Lagardère Radio: Europe 1, Europe 2, RFM

Lagardère Live Entertainment: venue operation and management (the Folies Bergère, Casino de Paris, Arkéa Arena), production of concerts and live shows, hosting and local promotional services for French and international productions.
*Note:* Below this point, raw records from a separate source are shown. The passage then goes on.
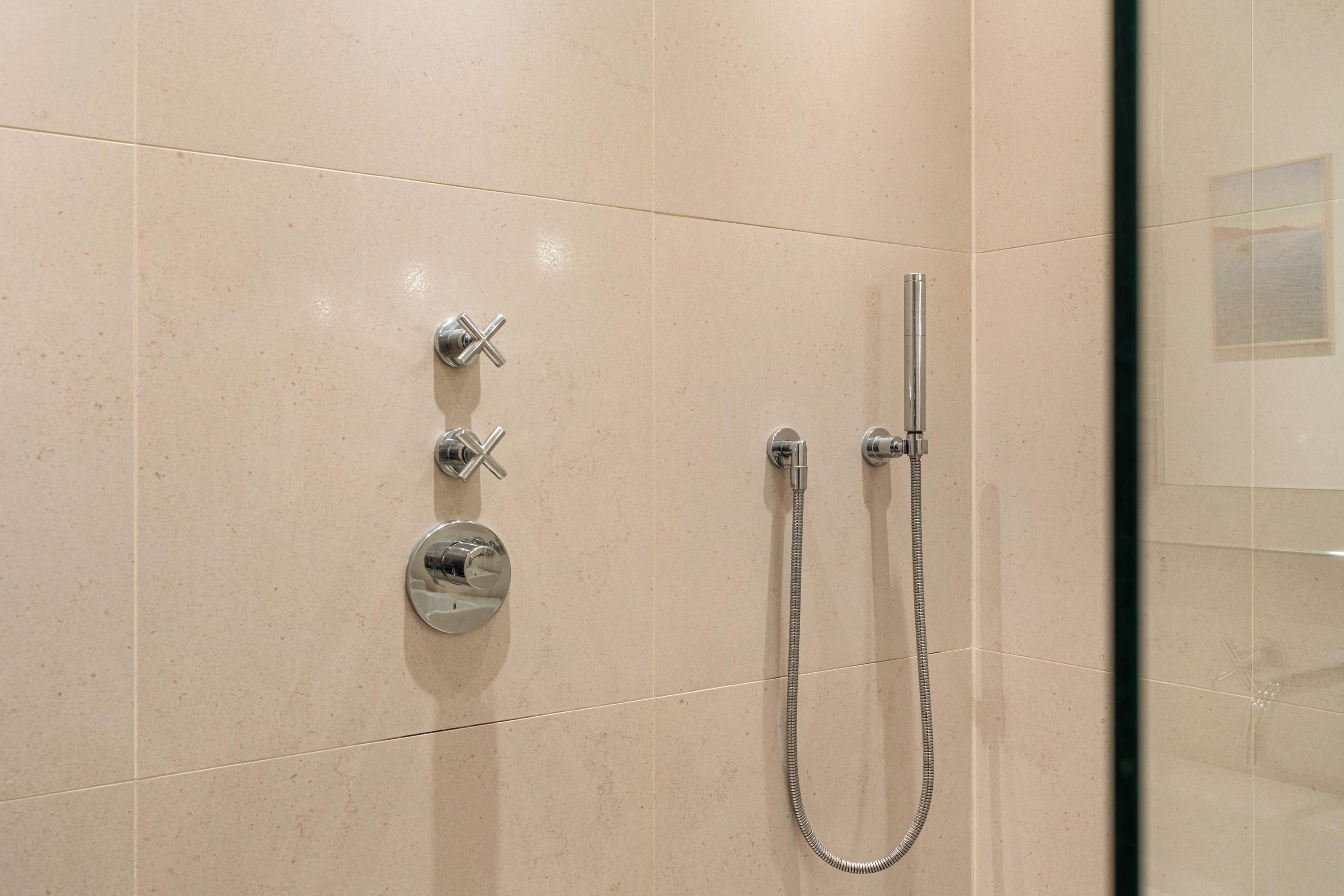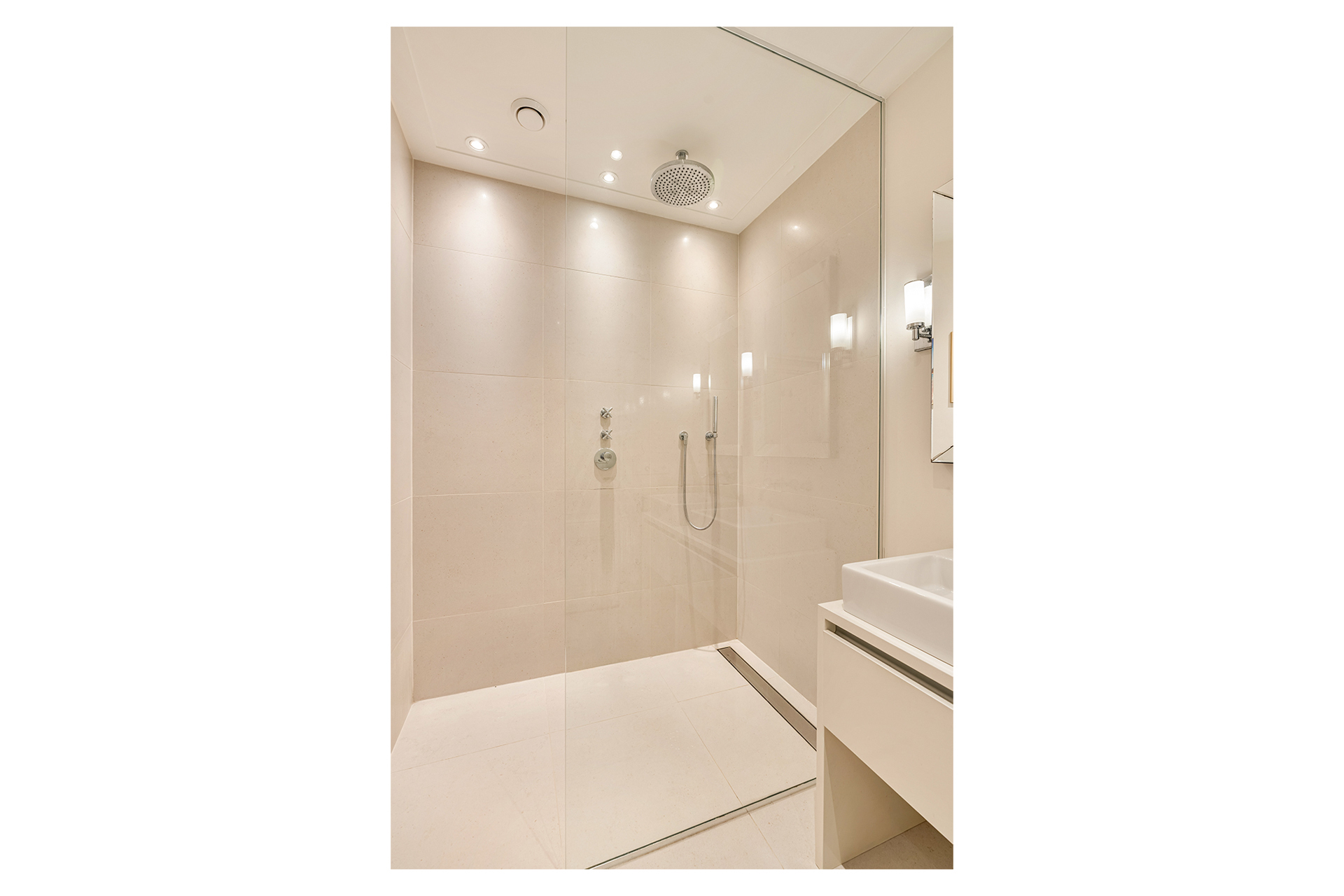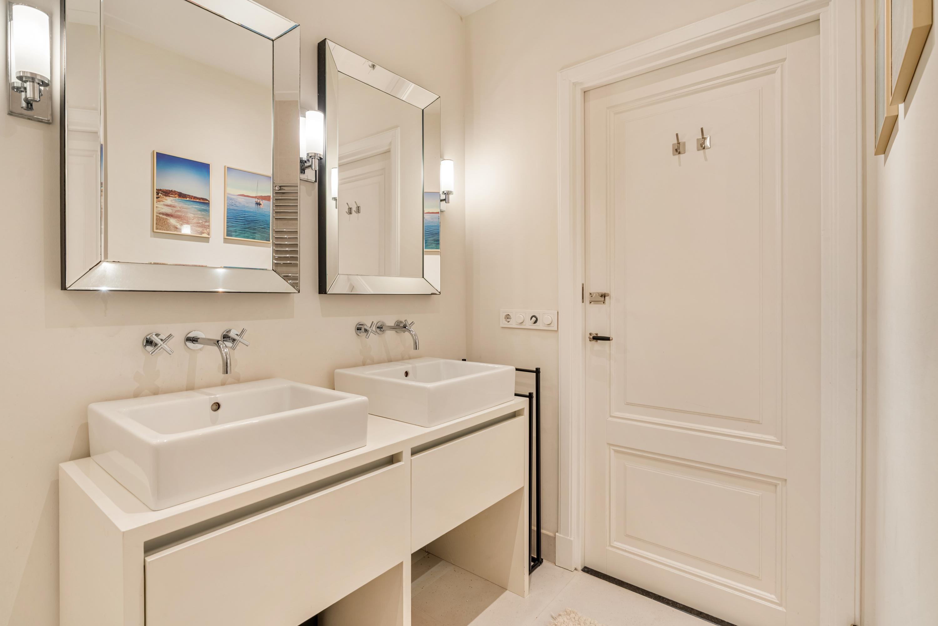 De verzorgde badkamer is voorzien van een inloop regendouche, dubbele wastafel met meubel en vloerverwarming.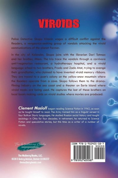 Police Detective Skopo Kitanin wages a difficult conflict against the Readers, a vengeance-seeking group of vandals attacking the viroid communications of the planet Farmer. In the city of Kalender, Skopo joins with the librarian Dari Totmax and her brother, Mlem. The trio trace the vandals through a carnivore anti=vegetarian restaurant, a hydrotherapy hospital, and a viroid language school to two brothers, Prado and Zado Atat, trying to avenge their grandfather, who claimed to have invented viroid memory ribbons. They are traced to a poet's colony on the yellow-snow mountain where the Readers operate from a cave. Skopo follows them to the dramafi lming industry on the sea coast and a theater on Eerie Island where viroid masks are being used. He captures the last of these brothers on local boats making raids on viroid studies where movies are produced.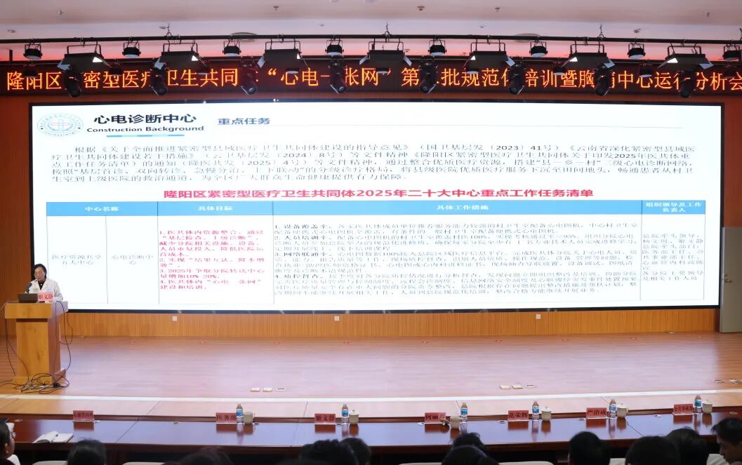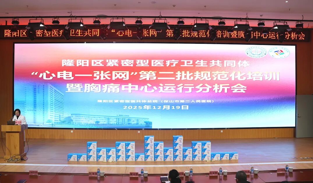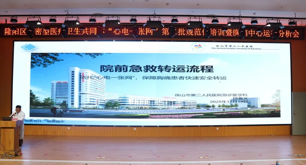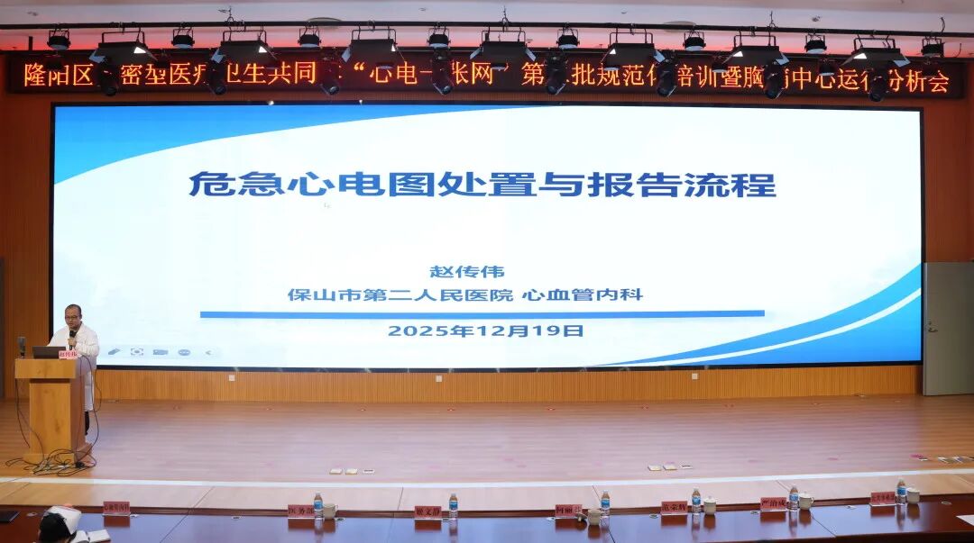 12月19日,隆阳区紧密型医共体“心电一张网”第二批规范化培训暨胸痛中心运行分析会在医共体总院(保山市二院)召开。区卫健局领导,隆阳区紧密型医共体总院、26家分院分管领导、相关负责人及第二批配备心电设备的40家村卫生室村医等90余人参会。

Lagardère Paris Racing: sports club.

== Financial data ==

Key Figures (in millions of euros)
| Year | 2018*** | 2019 | 2020 | 2021 | 2022 | 2023 | 2024 | 2025 |
|---|---|---|---|---|---|---|---|---|
| Net sales | 6,868 | 7,211 | 4,439 | 5,130 | 6,929 | 8,081 | 8,942 | 9,353 |
| Recurring operating profit | 385 | 378 | (155) | 249 | 438 | 520 | 593 | 641 |
| Finance costs, net | (57) | (53) | (76) | (64) | (74) | (97) | (138) | (124) |
| Income tax expense | (124) | (55) | 31 | (22) | (33) | (78) | (127) | (111) |
| Profit (loss) attributable to owners of the parent | 177 | (15) | (660) | (101) | 161 | 144 | 168 | 203 |
| Adjusted profit attributable to owners of the parent* | 200 | 200 | (330) | 62 | 265 | 252 | 253 | 319 |

(*Excluding non-recurring/non-operating items ) / (**Restated for IFRS 15) / (***Restated for IFRS 16).

Distribution of Net Sales by Geographic Area
| Year | 2025 |
|---|---|
| France | 21% |
| Europe (excl. France) | 43% |
| United States and Canada | 26% |
| Asia-Pacific | 5% |
| Latin America, Middle East and Africa | 5% |

Lagardère shares are listed at Euronext Paris.